И не болезнь удержала, не немощь неотвязная, не мокрота тошнотная в груди, но вот тихость, вялая бабья покорность подсказали: не спеши, торопливого коня кочка ссечет. И не полез к жонке за пазуху, не ожегся горячей шелковистой кожей, не приник к желанному телу, о котором столько мерещилось в ночах. «Есть Бог-то, есть!» – вскричал, в душе торжествуя, но тут же и замер, чтобы не спугнуть счастье, слегка приотпустил руки, выпуская птицу, а после и вовсе развел, раскинул по изголовью крестом: желтые, вялые, в каких-то проточинах, будто черви исползали. Так жилы бескровные запали.

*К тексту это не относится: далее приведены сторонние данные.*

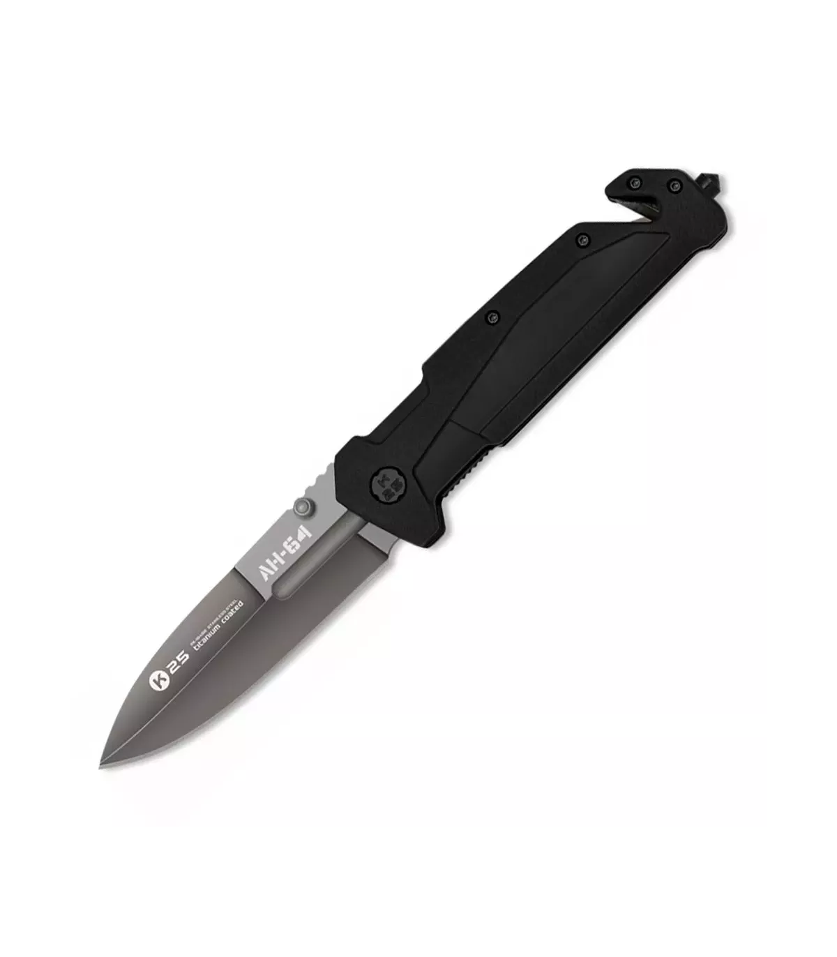 Conquiste qualquer desafio com a Canivete Tática AH-64 da K25! Projetada na Espanha e fabricada com os mais altos padrões de qualidade, esta canivete é a companheira perfeita para suas aventuras ao ar livre e situações de emergência.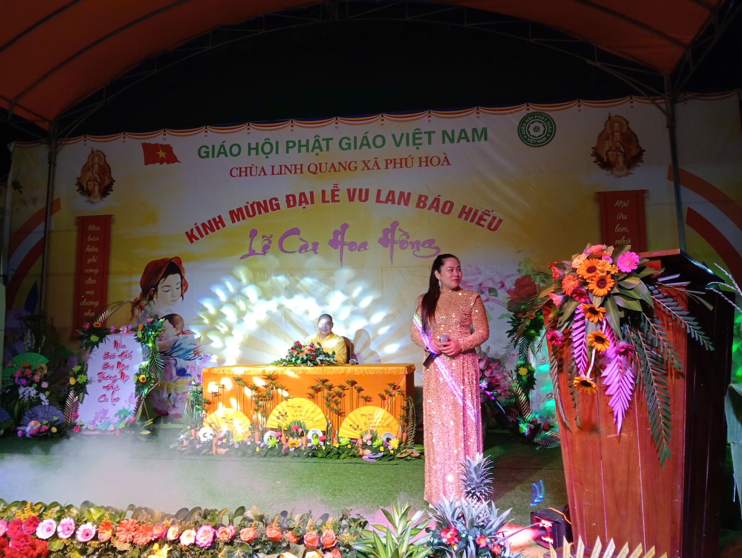 Sau phần văn nghệ chào mừng là phần lễ chính, Đại Đức Thích Huệ Trí, trụ trì chùa Linh Quang chủ trì Đại Lễ. Đại lễ diễn ra với các nghi thức tôn giáo trang nghiêm, lắng động như đại chúng đã dành một phút mặc niệm để tưởng nhớ về thâm ân to lớn của chư Phật, công ơn giáo dưỡng của thầy tổ bổn sư, công ơn sinh thành dưỡng dục của cha mẹ. Bên cạnh đó cũng là tưởng nhớ đến ơn đất nước đồng bào, ơn chúng sanh vạn loại, ơn các vị anh linh chiến sĩ đã quên mình cho hòa bình và hạnh phúc của muôn người. Tiếp theo nghi thức dâng y là khoảnh khắc thiêng liêng mang lại biết bao nhiêu nỗi niềm và phút giây lắng đọng trong lòng mỗi người - Nghi lễ Bông Hồng Cài Áo.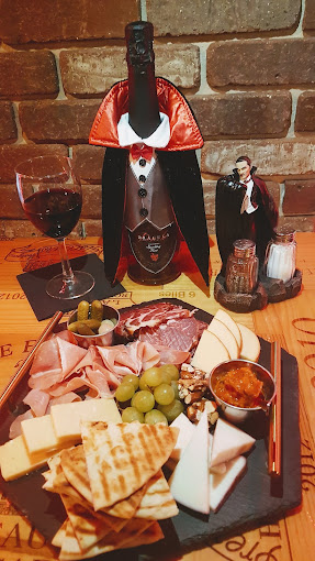 Dracula’s Legacy offers a variety of wines from around the world, with an emphasis on traditional Romanian wines. My go-to order is almost always their Romanian Wine Flight, which includes a glass of their Feteasca Negara (red), Feteasca Regala (white), and a glass of rosé. These wines come from grape varieties native to the Republic of Moldova and Romania, and I’ve seen them please both wine connoisseurs and wine newbies alike!

И не снялась ведь Тайка, не вспрянула, а покорно осталась возле, касаясь налившейся грудью, и скошенный зеленоватый глаз в ранней паутине морщин готов был вылиться на подушку. Яков даже испугался, вскрикнул, остерегаясь новой беды: «Тая, Тасенька?» А она, как ошалелая, как опившаяся дурман-травой, вдруг приподнялась на локте и стала разглаживать рану на Яшкиной груди, едва затянутую младенческой пленкой, откуда еще сочилась сукровица. Какая ямина посреди груди, будто пику кованую втыкали, пытаясь пригвоздить лешака к земле. По всем приметам был не жилец, а вот вынянчила, выходила, у зори-зоряницы вымолила, попросила унять руду-рудяницу алой шелковой нитью. И вдруг, осмелясь, поцеловала губами самую-то боль, словно бы рану остудить намерилась, и как бы сердца коснулась, столь близко металось оно прямо под кожей, в сукровице, в самом распадке груди. И что-то шепнула, внезапно озарясь, выпела с ласковым зовом, наверное, чужое имя позвала, звонкое и особенное, как колокольный бой. Яшка смолчал, лишь скрипнул зубами и откинул к стене голову. Большей боли не могла бы причинить жена: будто каленым железом повернула в самой-то ране, где сердце обнажилось.
Ушла Тайка в красный угол, посторонними глазами оглядела родовое Шумово поместье. Словно палом прошлись, огнем выжгли долгую фамилию, и вот последний сын, случайно нажитый корешок, засыхал на постели, мукой великой мучился, но не желал умирать. А она-то, выходит, как змея подколодная, как Иродова дочь, тонкую нить своей рукой потянет, а не решится вовсе оборвать пряжу. Какой еще вины боялась, пред кем держала ответ? Ну, пусть грех на ней неизносимой кольчугой, не снять, не сносить его, но слезы ее, беды ее измерить ли какою мерой? За что она сердце-то свое половинит, душу своими руками вынимает на посмотрение? Ведь как умоляла: «Донюшка, не покидай. Худое чую». И ушел, делся, уплыл в осотраву. Хоть бы весточку, хоть бы знак дал. Проклясть бы, искоренить, выжить из памяти; но в утробе его отросток…
А этому, постылому, чего надо? Чего он-то домогается до ее сердца? Пошто ее на разрыв тянут, как завертку у саней?..
Муж истоне́л совсем, провалился под одеяльницей, как палый поздний лист, корежился в простынях, скрипел зубами. И самому бы себе не признался: жалости ждал, отзывчивого прикосновенья, робкого, ждущего тела. Где-то крестовый брат, что стал его кровным врагом? Последнюю бы кровь отдал, только бы Доньку изжить. А там хоть и самому в прах.
– Скрипи, скрипи зубами-то! – вдруг вспыхнула Тайка, вскрикнула в красном углу. Яшке головы не повернуть, чтоб взглядом пронзить, руки тяжелой не поднять, и на распухшем языке, гири хуже, нудный непроходимый веред[8] – ни сплюнуть, ни выматериться. – Тебе больно! А мне не больно, дьявола подручник? Как мяли меня да измывали меня, тут был ты смиренней топтун-травы. Паршивую взял-то, с проказой! Душа в чирьях, и утроба в чирьях.
– Мол-чи, – только и простонал.
А убить готов был, застегнуть на месте, столько жгучей надсады скопилось в груди, разом натуру повернуло. Была бы подле кованая палица, раскроил бы бабу надвое. А не можешь отбояриться – смирись, задави гордыню: хотя на чужой погляд в Яшке гордости с бородавку. И сейчас, подавив зло, не плакал он от тоски гремучей, но нещадно скрипел зубами, словно бы выкрошить хотел их.